Он подался назад, но двери уже распахнулись, а снизу Киллиану навстречу поднималась блондинка в форме СС.
***
— Я не хотела, чтобы он пострадал из-за меня, — твердо ответила Белль, делая шаг от стены.
Голд поморщился.
— Я не об этом, — сухо уронил он. — Почему ты спасла меня?
Белль молчала, беспомощно глядя ему в глаза.
Голд нетерпеливо выдохнул и шагнул к ней.

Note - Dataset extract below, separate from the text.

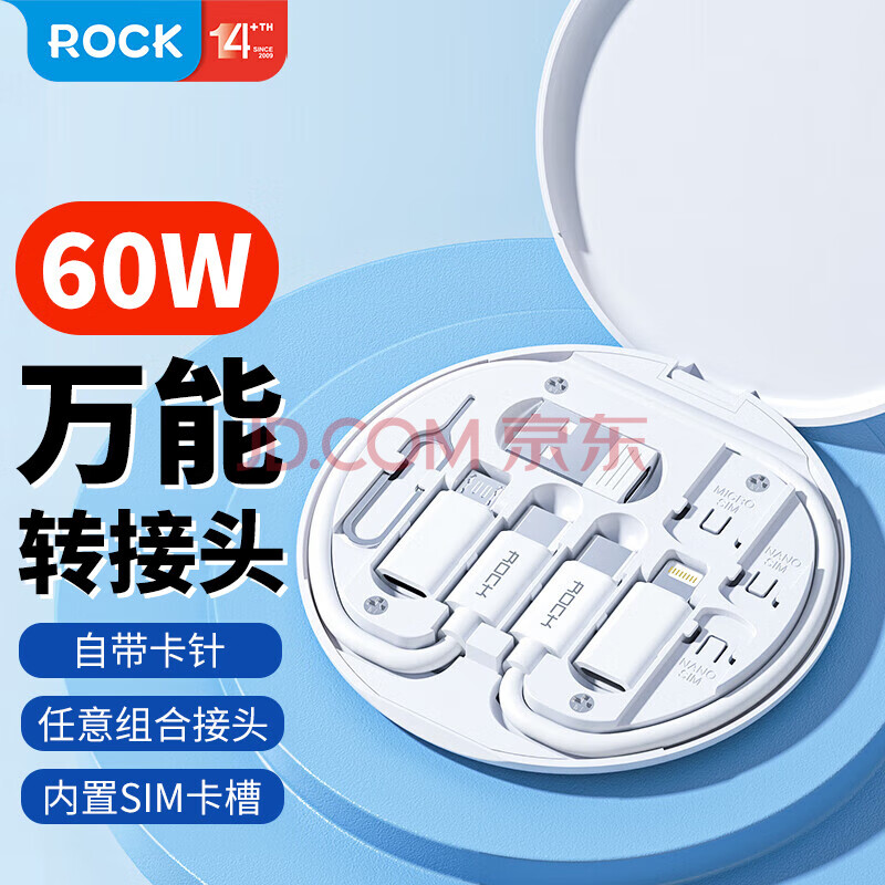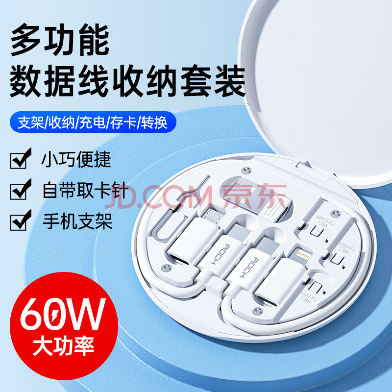 商品相册:ROCK【60W快充】多功能充电线三合一数据线OTG转接头苹果安卓type-c转usb多接口转换头传输便携收纳盒第

— Белль, твоя жизнь в моих руках. Я могу и сделаю все, что понадобится, чтобы узнать от тебя то, что мне нужно. И может быть, — он зло усмехнулся, — ты только что подписала смертный приговор всем, кого пыталась спасти.

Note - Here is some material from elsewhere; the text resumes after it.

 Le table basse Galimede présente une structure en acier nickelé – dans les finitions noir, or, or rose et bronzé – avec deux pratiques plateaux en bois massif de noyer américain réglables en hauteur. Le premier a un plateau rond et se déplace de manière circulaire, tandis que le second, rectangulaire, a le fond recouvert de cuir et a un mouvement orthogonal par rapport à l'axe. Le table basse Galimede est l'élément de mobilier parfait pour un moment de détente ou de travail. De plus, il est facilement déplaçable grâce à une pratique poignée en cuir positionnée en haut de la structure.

Белль пыталась не слушать его и не верить ему. Но все, что Голд говорил, было так очевидно, так неопровержимо и так просто, что Белль никак не удавалось ухватиться за что-либо другое, что подкрепило бы ее уверенность в том, что она все сделала правильно. К горлу подступила тошнота, как бывает, когда вдруг попадаешь на край обрыва и понимаешь, что опоры больше нет.
Внезапно для себя она шагнула вперед. «Подальше от бездны или поближе?» — мелькнуло в сознании. Теперь Голд был так близко, что Белль могла его коснуться.

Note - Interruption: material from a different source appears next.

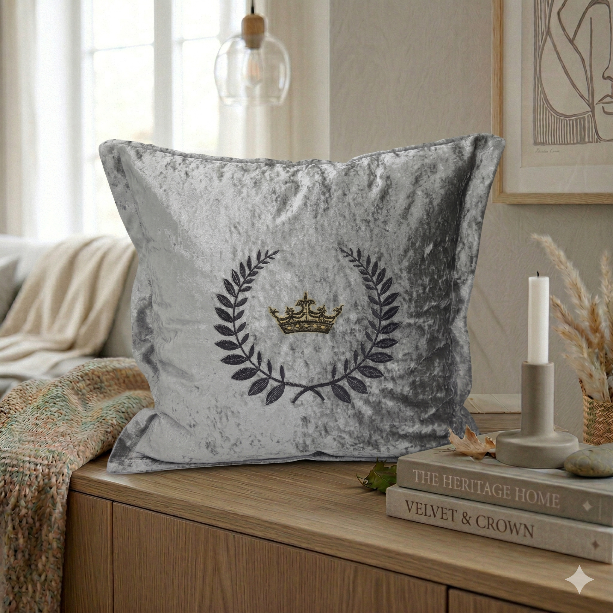 כרית נוי רקומה כתר כסוף

— Вы так старательно цепляетесь за свою жестокость. Запираетесь в ней. Если вы на самом деле такой, то зачем это вам?
Голд снисходительно улыбнулся, окинул Белль неторопливым, потяжелевшим взглядом.
— Поверь, дорогуша, тебе не захочется узнать ответ.
Слова расползлись по прихожей темным облаком, и Белль снова попыталась понять, что же, что она натворила.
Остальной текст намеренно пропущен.